Gurbet Hikâyeleri (Stories of Abroad) is a short story collection by Refik Halit Karay, published in 1940. Gurbet Hikayeleri consists of 17 stories, one of which takes place in Siberia and the rest in different parts of the Middle East. The author, who started writing with small prose pieces, achieved his real fame with his Memleket and Gurbet Hikayeleri. After Gurbet Hikayeleri, he did not produce any works in the short story genre. He explained this situation with the difficulty of writing a story.

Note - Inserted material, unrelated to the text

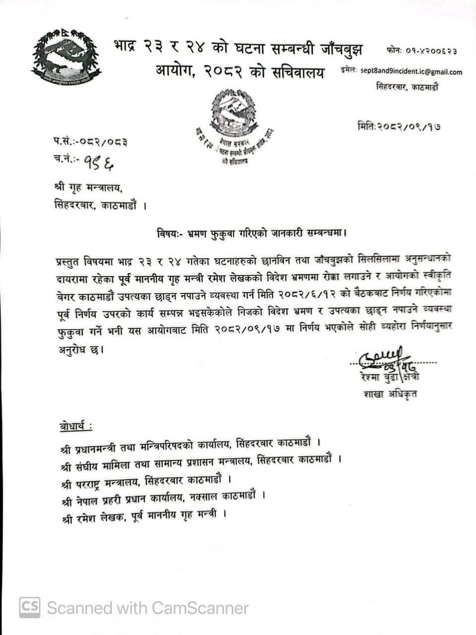आयोगले भदौ २३ र २४ गतेको घटनाको छानबिन र जाँचबुझका लागि भन्दै लेखकसहित तत्कालीन प्रधानमन्त्री केपी शर्मा ओली, तत्कालीन आईजीपी चन्द्रकुबेर खापुङ, तत्कालीन  गृहसचिव गोकर्णमणि दुवाडी, काठमाडौंका तत्कालीन जिल्ला अधिकारी छविलाल रिजाल, राष्ट्रिय अनुसन्धान विभागका तत्कालीन प्रमुख हुतराज थापालाई विदेश भ्रमणमा रोक लगाउने निर्णय गरेको थियो ।

== Composition and publication ==
The author wrote the stories in his book while he was in exile in Beirut, Aleppo and Hatay between 1930 and 1937. There are traces of the author's life in his stories. "Şerif Aktaş", "Akrep", "Köpek", "Çıban", "Lavrens", "Güneş Çarpması", "Keklik", "Hülle", "Antikacı" were published in Tan newspaper in 1939 under the title "Hafta Musahâbeleri". Ali Birinci added the stories "Zincir" and "Istanbul" to the list of articles published in Tan newspaper. These articles were brought together and published in 1940 in the book titled Gurbet Hikayeleri. On the other hand, the stories titled "Dil Bahsi", "Fırat Kayıkçıları", "Kiraza Çileğe Dair" and "Şerbete Dair, which were published in the Tan newspaper in 1939 under the title "Memories of Abroad", were not included in the book.

== Reception ==
Ahmet Kabaklı about Memleket Hikayeleri and Gurbet Hikayeleri: "Their style is exquisite, their events are attractive, and especially their depictions of the environment are very successful, and the technique is also strong." Osman Nuri Ekiz, who studied Karay, argued that these works cannot be surpassed technically even today, and that Refik Halit is unique in terms of his command of the language and his ability to use it. Nihad Sami Banarlı drew attention to the perfection of the author's language.

== Contents ==
There are a total of 17 stories in Gurbet Hikayeleri. These stories:

- "Yara"
- "Eskici"
- "Antikacı"
- "Testi"
- "Fener"
- "Zincir"

- "Gözyaşı"
- "Keklik"
- "Akrep"
- "Köpek"
- "Lavrens"
- "Çıban"

- "Kaçak"
- "Güneş"
- "Hülle"
- "İstanbul"
- "Dişçi"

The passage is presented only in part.